CH flow temp's

Many heating systems have no room/cylinder stats or TRV's despite part L and adjusting the heating flow temperature provides an easy way to control temperatures rather than adjusting the radiator valves.

Many underfloor heating systems work at around 50 centigrade and use an injection valve coupled with a TMV head to allow them to work with a boiler flow temp up to 82 centigrade ie they can be integrated with a radiator system.
 
Neck turns 360° - it needs to - repairing boilers in some of the places you find them. :shock:
 
If you don't turn a boiler stat down a bit in spring and autumn, you're likely to have temperature overshoots.
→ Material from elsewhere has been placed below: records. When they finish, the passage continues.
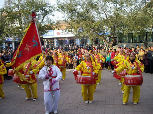 热烈的锣鼓队伍欢迎原来的韩国贵宾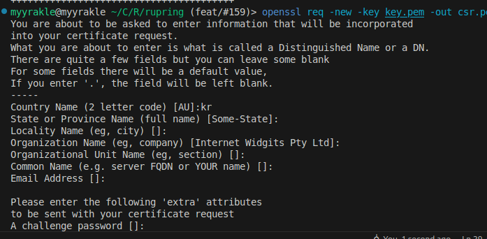 openssl req -new -key key.pem -out csr.pem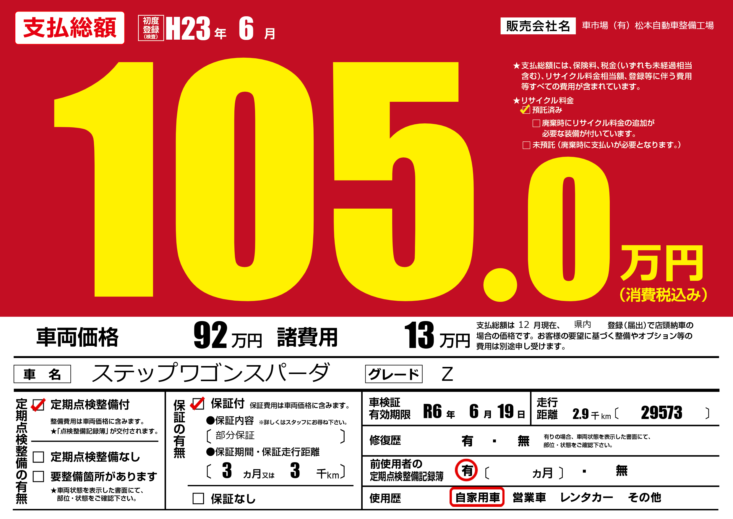 なし | 車検制限 | R6年6月19月 |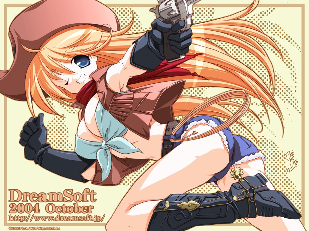 Description: A woman with a gun and a hat on her head and a dress on her body and a hat on her head.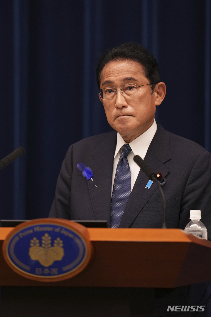 [도쿄=AP/뉴시스] 기시다 후미오 일본 총리가 14일 도쿄 총리관저에서 연설하고 있다. 기시다 총리는 아베 신조 전 총리가 야외 유세 연설을 하던 중 총에 맞아 사망한 것과 관련해 당시 경찰의 불충분한 경호를 비난했다. 2022.07.14. |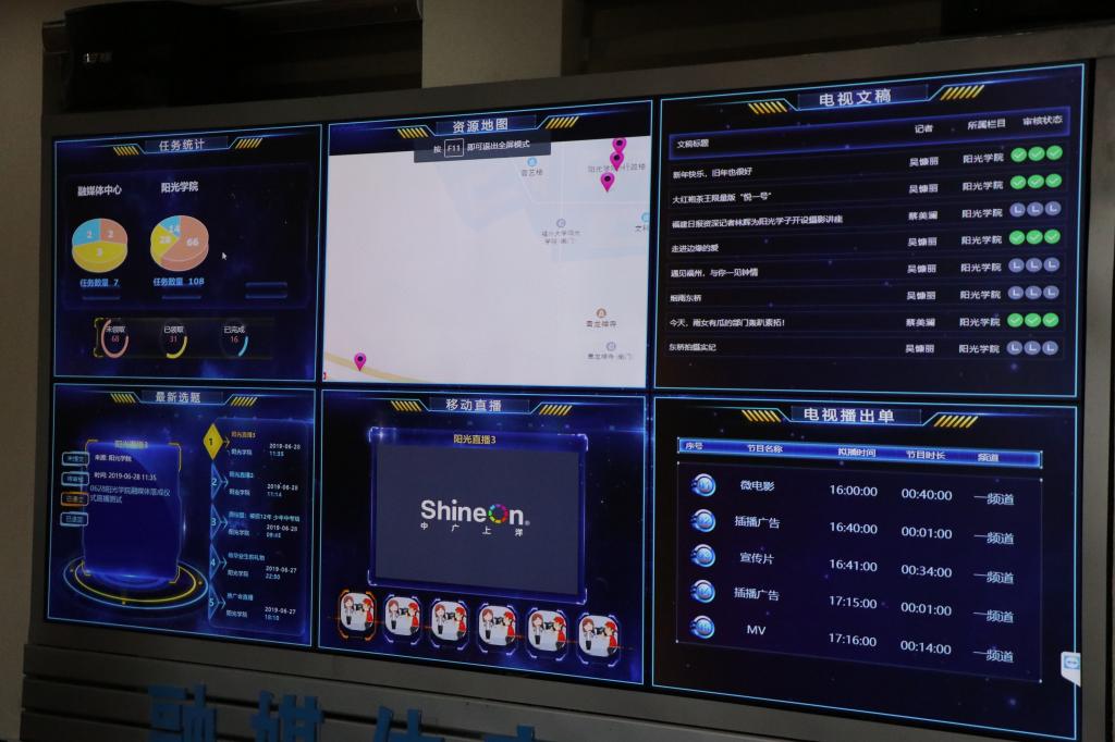 由阳光学院与中广上洋科技有限公司、福州朗星科技有限公司联合创办,旨在融媒体教学和教材研发上提供技术支撑,为中国融媒体事业发展做出贡献。阳光融媒是一套可实现全媒体、全覆盖、台网联动、交互一体的融合媒体系统。该系统具有用户直播、实时定位、资源共享、指挥大屏等特色功能。阳光学院结合融媒体实验室提出:“广编是基础,融媒体是方向”的广播影视编导专业的教学思路,为社会培养能说、会拍、精编、畅游融媒体的高素质应用型人才。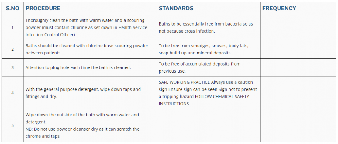 2 | Baths should be cleaned with chlorine base scouring powder between patients. | To be free from smudges, smears, body fats, soap build up and mineral deposits. | |
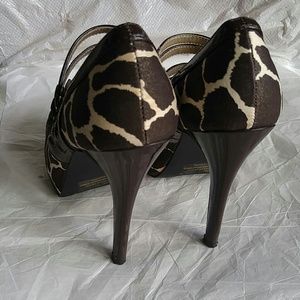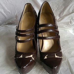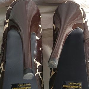 Shoes, Brown patent, platform heels, animal print glitter fabric uppers, adjustable 3 side snap closure, all manmade materials, 1" platforms with 5" heels, gently worn, excellent condition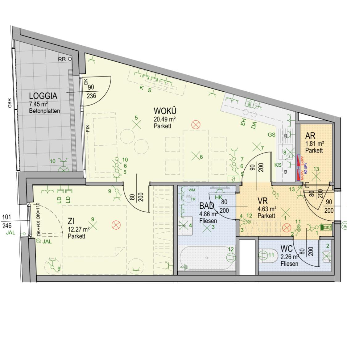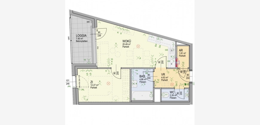 Wohnung besteht aus Vorzimmer, Schlafzimmer, Wohnküche, Abstellraum, Bad, WC, Loggia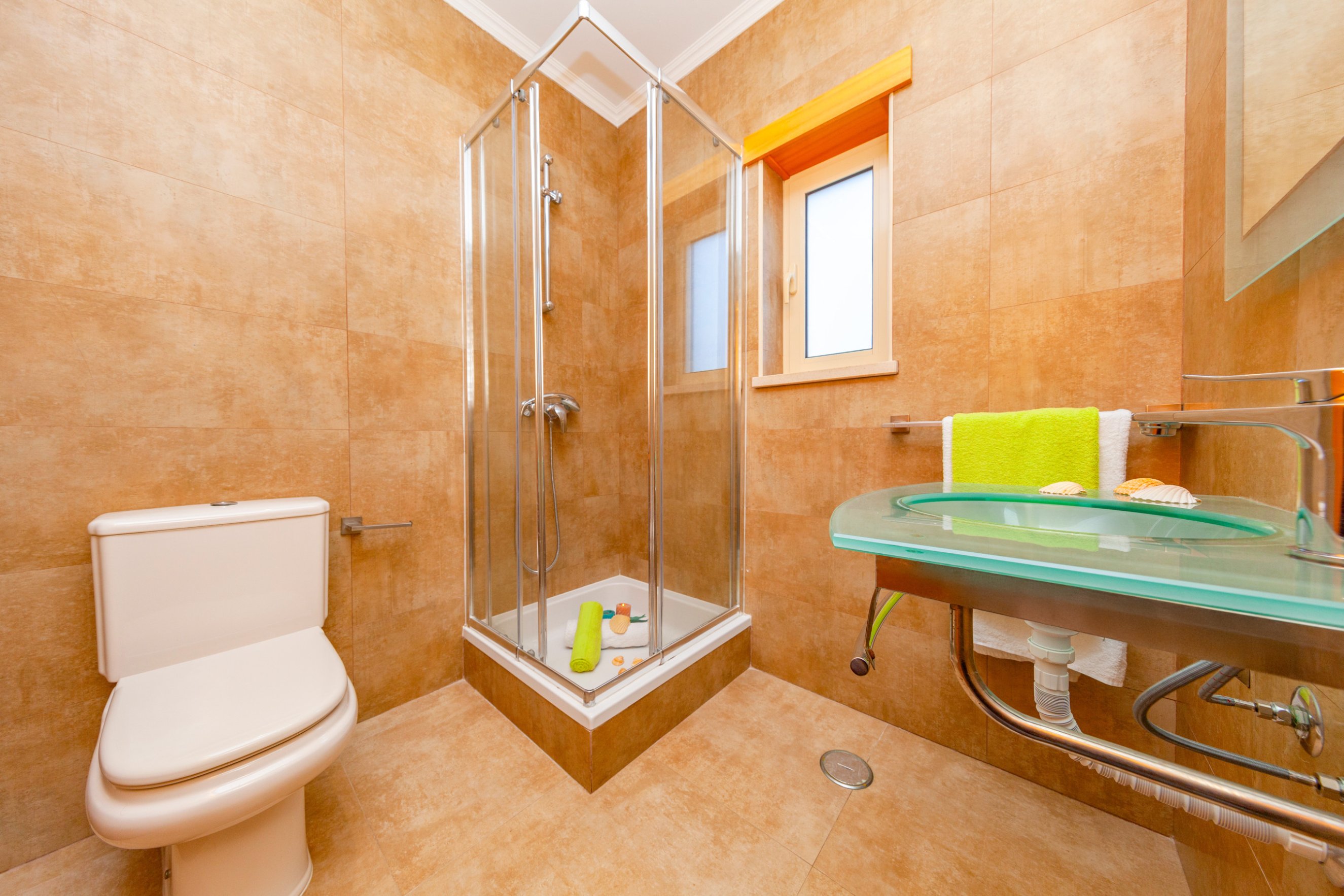 On the ground floor there is a bedroom with two single beds en suite with shower, a bedroom with two single beds, a service bathroom and a bathroom with bathtub.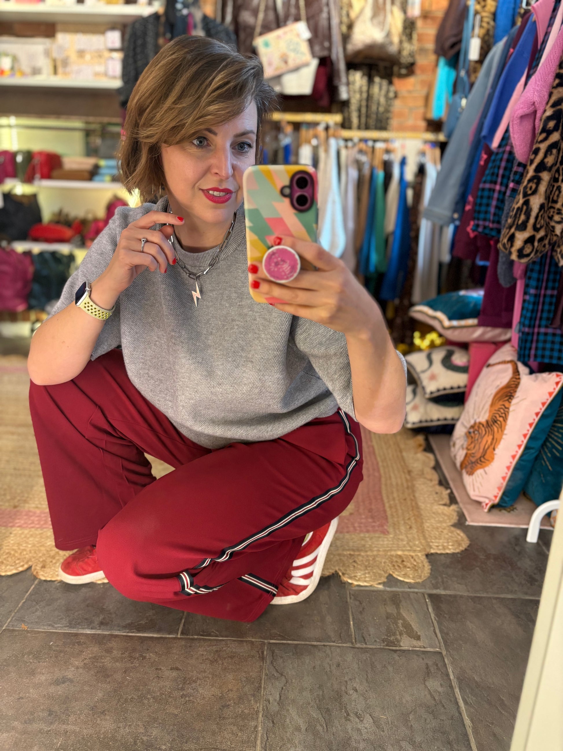Indulge in the colours of the season with our Berry Stripe Trousers. Featuring a rich burgundy hue with a sporty stripe detail, these trousers offer both style and comfort with their elasticated waist and loose fit. Pair with a luxurious knit and trainers for an effortlessly chic and casual look with a touch of sports luxe.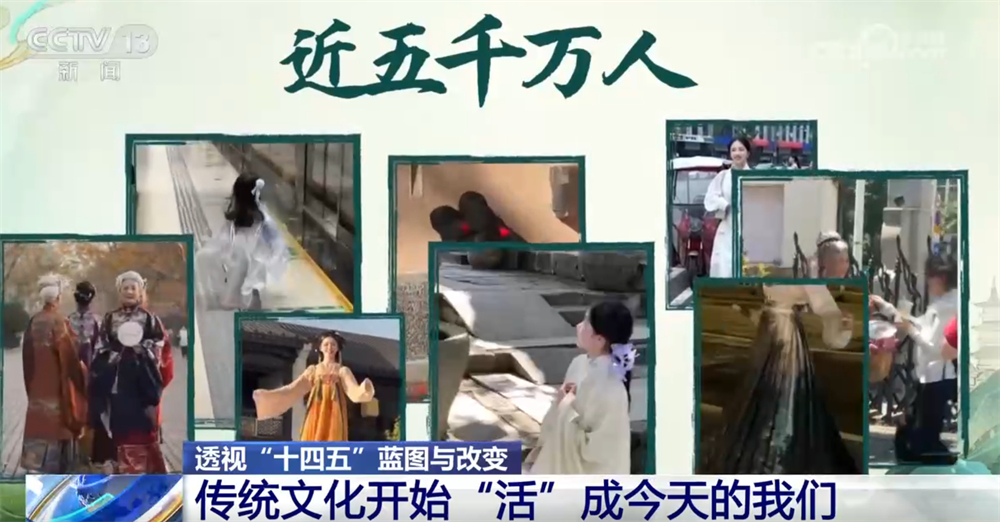央視網(wǎng)消息:過去,我們在課本里背古詩、學歷史;今天,我們身著漢服走上街頭,在旅行打卡、短視頻創(chuàng)作中重新感受傳統(tǒng)。五千年的文化正在從書頁走向街頭,從展廳走進生活,成為我們?nèi)粘5囊徊糠?。“十四五”的五年,讓文化真正“活”在了當下,也“活”進了我們的生活。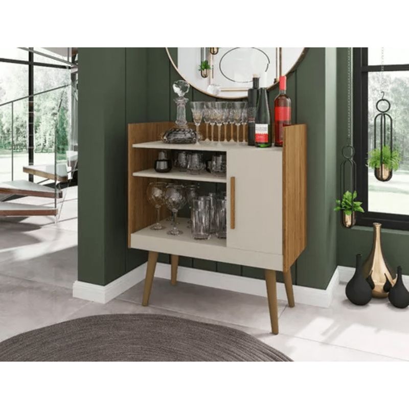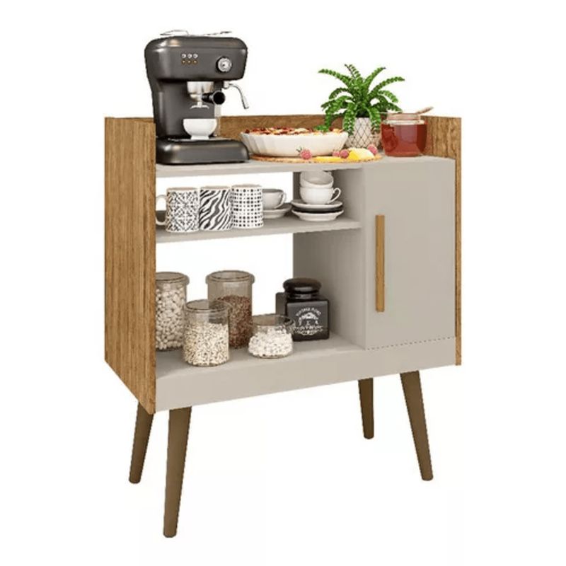O Aparador Cantinho do Café II traz características de um móvel Retrô, e é indicado pra você que sempre quis ter um espaço especial e aconchegante para receber suas visitas ou clientes. Mais um produto da Móveis Bechara, com designer atual, compacto e funcional, é indicado para pequenos espaços. Com ele você pode deixar o ambiente da sua casa ou escritório de cara nova. Produzido em MDP e pés em madeira maciça, possui 1 porta com dobradiças metálicas e puxador revestido em MDF, 2 prateleiras e 2 nichos, ideais para adaptar xícaras, cafeteiras, condimentos, potiches ou objetos de decoração conforme sua necessidade e criatividade. É possível acomodar garrafas de bebida em pé em seu espaço interno. Características: - Estrutura de MDP - Amplos Nichos - Pés de madeira maciça - Decora e organiza sem tomar muito espaço - *Itens também vendidos separadamente* Dimensões do produto Montado: - Altura: 80,0m - Largura: 70,4cm - Profundidade: 36,0cm Observações: - Os objetos que ambientam a foto não acompanham o produto - Produto acompanha manual de montagem, analise a complexidade antes de decidir montar por conta própria. Recomendamos sempre a contratação de um profissional. - Tenha atenção, as cores podem variar de acordo com a luz do monitor/tela utilizado. - Caso o produto for apresentado com a embalagem violada, orientamos que seja realizado a recusa da mercadoria e feito contato de imediato com o SAC. A Lika Magazine aguarda sua compra.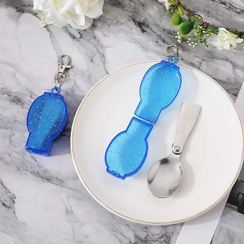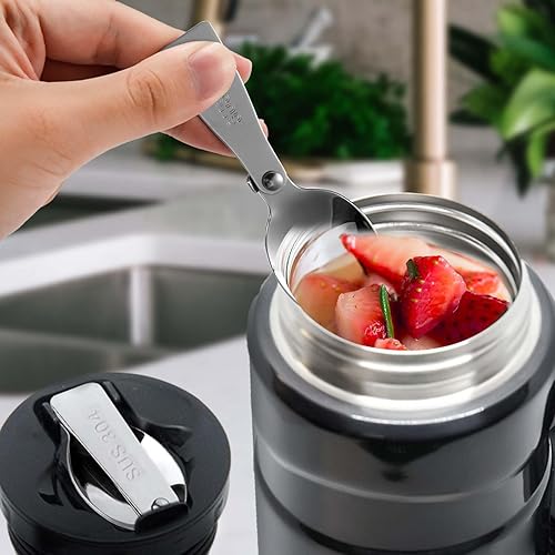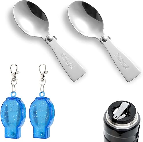 2pcs Cuillère Pliante pour Thermos Funtainer Pot Alimentaire 10oz, Cuillère Pliable Remplacement avec Boîte Métal Compatible avec Thermos pour le Camping en Plein Air Pique Nique
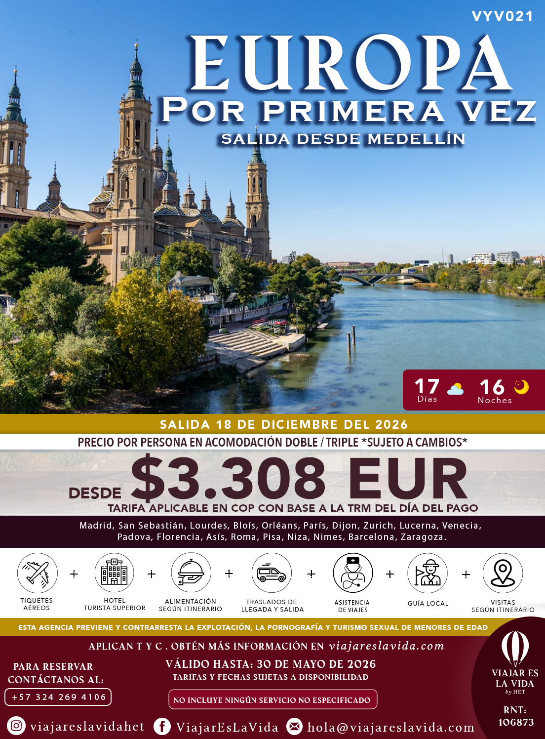 EUROPA POR PRIMERA VEZ LOS VIERNES SALIENDO DE MEDELLÍN Y BOGOTÁ VYV:16

Especially with poorly controlled 24kW combis in small flats. Boiler comes on, and the rads are at 82 in a few minutes. Crude thermostat might be just about to switch the boiler off, but the rads are still piping hot. Stat turns off (they're a bit slow anyway, on the whole, to avoid draughts making them switch rapidly), and the rooms overheat.
If it takes a bit longer for the rooms to get up to temp, they don't overshoot so much.
Also, old boilers are much more likely to kettle when wound up.


I think the Delta T 50 you mean is the one applied to radiators - the difference between the average radiator temperature, which would have been say 75 on a conventional system (80 flow, 70 return), and the air around it. Condenser systems would perhaps be better designed with the rads' delta T40 figures - I expect there's standard advice somewhere!